The race I picked to train for was a 50k, about 31 miles (the course was actually 31.5 miles), and I found a training plan and started training.

Little did I know that God was doing work on a deeper level through this. I think I will be realizing different aspects of what God was doing, of how he was healing through this for a long time to come.

The times I had training for this were sometimes wonderful, and sometimes just flat out painful. I never took headphones with me, even when I knew I would be gone for over 4 hours, because I wanted to learn how to be present, how to stop numbing out what was really happening, and how to start paying attention to what was going on inside.

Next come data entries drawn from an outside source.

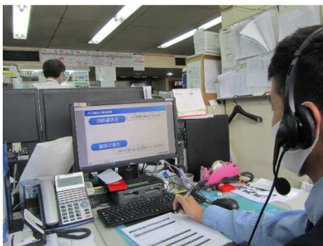
e-ラーニングの受講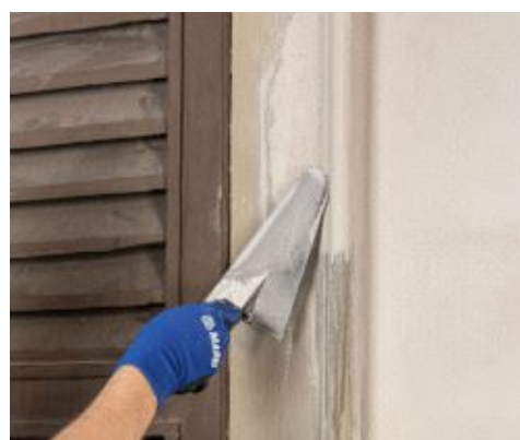
Ricostruzione di elemento costruttivo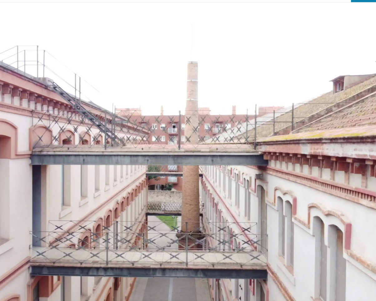
Can Marfà. Museu de Mataró.

SÍMBOL DE LA IDENTITAT PRODUCTIVA DE LA CIUTAT.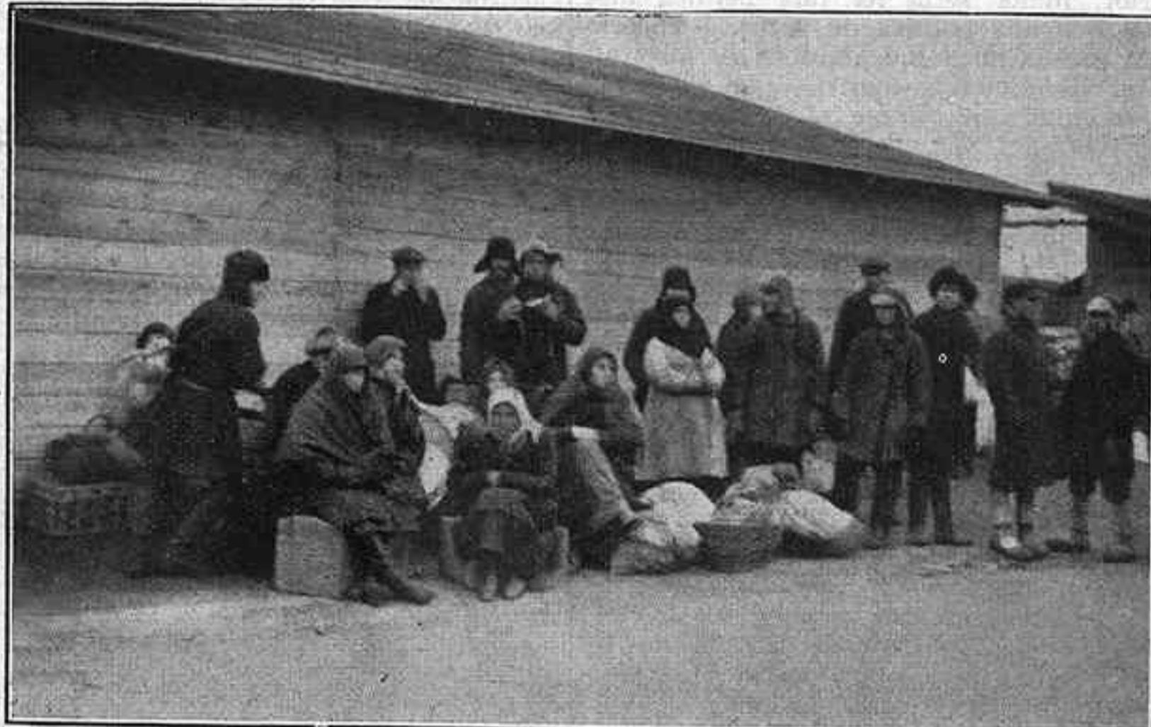
«Colles que hom veu en totes les estacions d'enruncament ferroviari»

Darrera l'exèrcit regular, ve la policia. Entre ella, els batallons de la O. G. P. U. passen rígids com un sol home, units, compactes, amb una disciplina sols comparable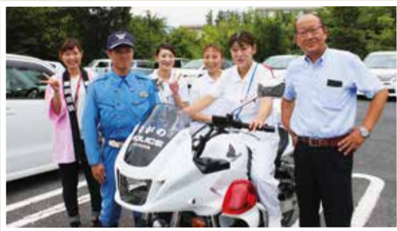
▲初めて県警の緊急車両体験を行いました。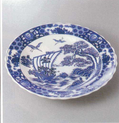
398-19-84J 8,700円 宝舟13号雪輪皿 41.5×5.5cm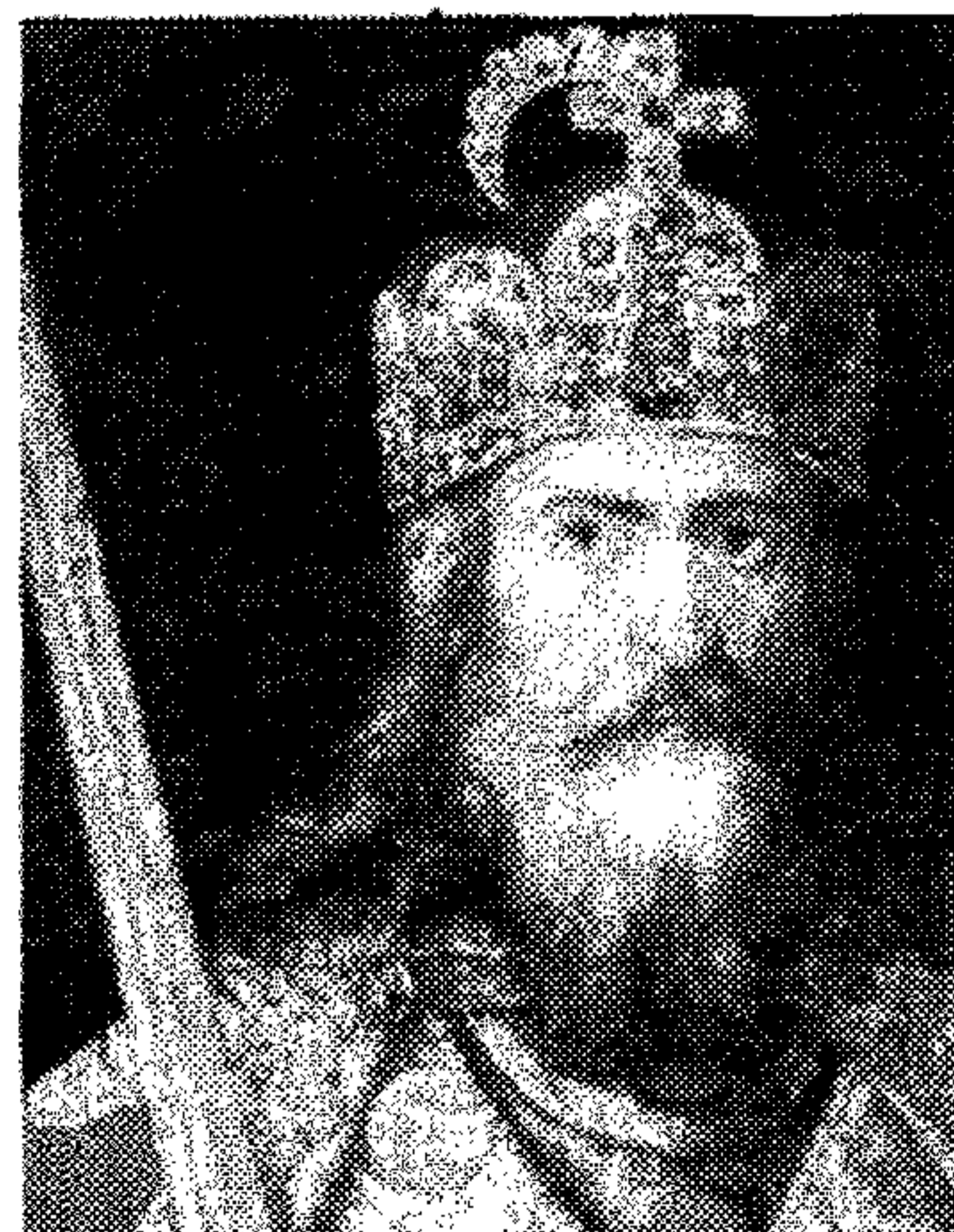
L'imperatore Carlo Magno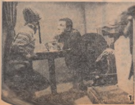
Cadrele din filmele: 1. Matorul și moartea. 2. Șeful sectorului suflăte.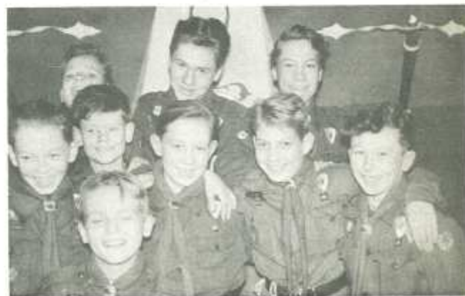
Spejderpatruljen, den ubrydelige enhed, kammeratskabet med de eventyrlige oplevelser.

Nu havde vi håbet, at dette skulle gå upåagtet hen og vi hørte da heller ikke noget, før vi kom på sommerlejr på Høn. Her skulle vi nemlig prøve at bygge både efter nøjagtig samme mønster, som på hin minderige mandagssøndag. Alt var i orden til vi skulle til at sætte skuden. Så udbød vores tropfører: "Har I døbt fartøjet - ellers vil jeg foreslå navnet DYK-ÆNDEN. Tank, at han havde kunnet holde mund med det, han vidste, i så lang tid!!!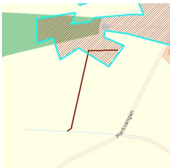
Fig. 3 Rød linje markerer ønsket grøft. Skravering markeret okkerpotentielt område.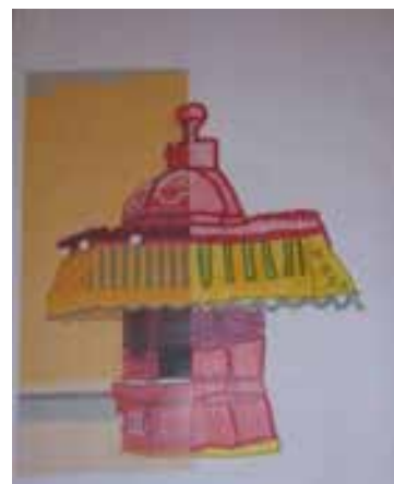
Imagem 8 – Conclusão da figura do aluno O.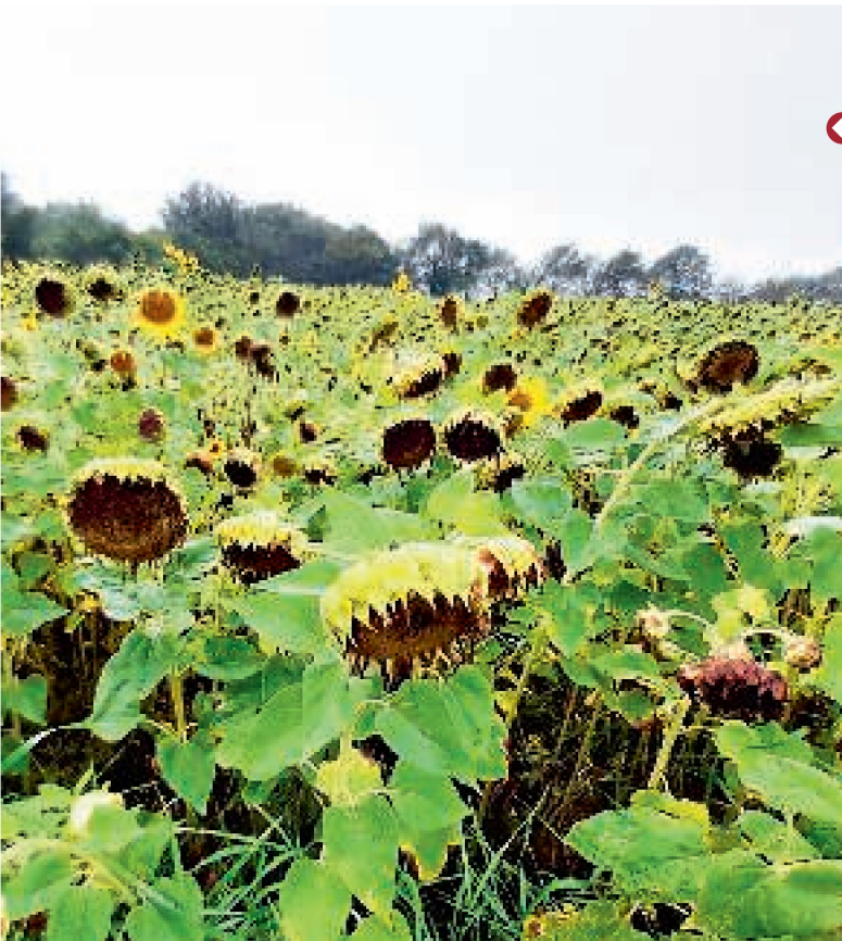
← Høst: De danske solsikker skulle høstes med et majs-skærebord og ensileres i wrapballer.

hold af fedt, som gør dem interessante, mener Solvejg Horst Petersen.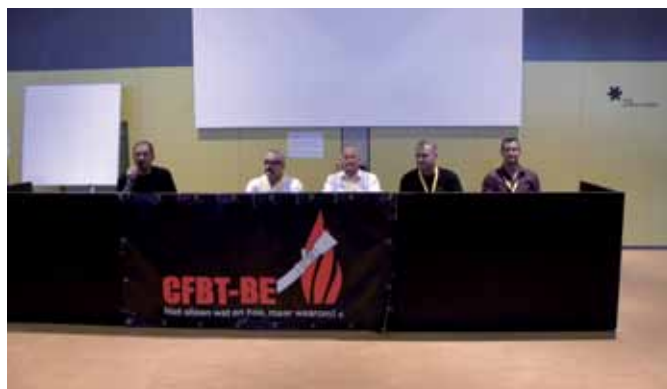
Panelgesprek met de 4 auteurs van het boek 3D Firefighting .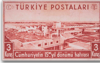
Figure 26: AOÇ (1938)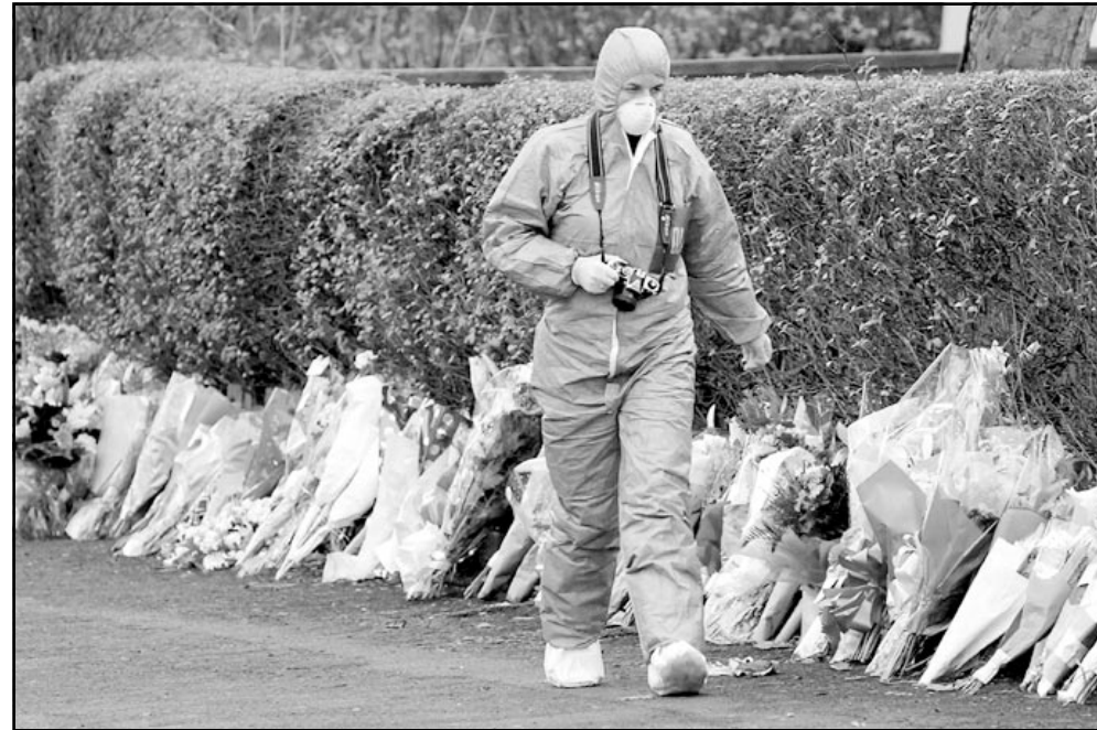
أحد أفراد الشرطة العلمية خارج المبنى الذي وقع به حادث مساء الثلاثاء بمانشستر

■ لندن - «القدس العربي» - وكالات: أعلنت الشرطة البريطانية أمس الخميس ان جزائريا في الثانية والثلاثين من العمر سلم نفسه للشرطة مساء الاربعاء في مانشستر (شمال غرب) واعتقل في اطار قانون مكافحة الارهاب. وقالت شرطة سكوتلانديارد في بيان ان هذا الاعتقال «مرتبط بالتحقيق الذي اطلق في جميع أنحاء البلاد حول الارهاب الدولي». وسيسلم الجزائري الذي لم تكشف هويته، الى رجال الشرطة في قسم مكافحة الارهاب في سكوتلانديارد، وتأتي عملية الاعتقال هذه بعد مقتل شرطي الثلاثاء في مانشستر خلال عملية اعتقال ثلاثة اشخاص يتحدرون من شمال افريقيا اثر العثور مطلع كانون الثاني (يناير) على آثار كميات قليلة من مادة سم الخروع (ريسين) القاتل في شقة في لندن.

Sometimes this lead to deep revelations, but most of the time I couldn't tell if anything was happening, and I'd just be thinking about running... and how tired I was.

But God was doing so much. God was building perseverance, he was healing wounds... even when it seemed silent, and he felt distant, he was with me, working in the deep.

My goals for this race were simple. I wanted to finish, I wanted to run with God, openly expectant and aware if his presence, and I wanted to cross the finish with a smile.

After about 29 miles, as every part of my body hurt, a flood of emotion swept over me, and God felt so present that I was surprised I couldn't see him.

I started weeping. Literally. Like making crying noises and everything.

I felt God running with me, grabbing me by the shoulders, and saying that I was his champion, and that he was so proud of me. 

This took me right back to 7th grade... the worst year of my life.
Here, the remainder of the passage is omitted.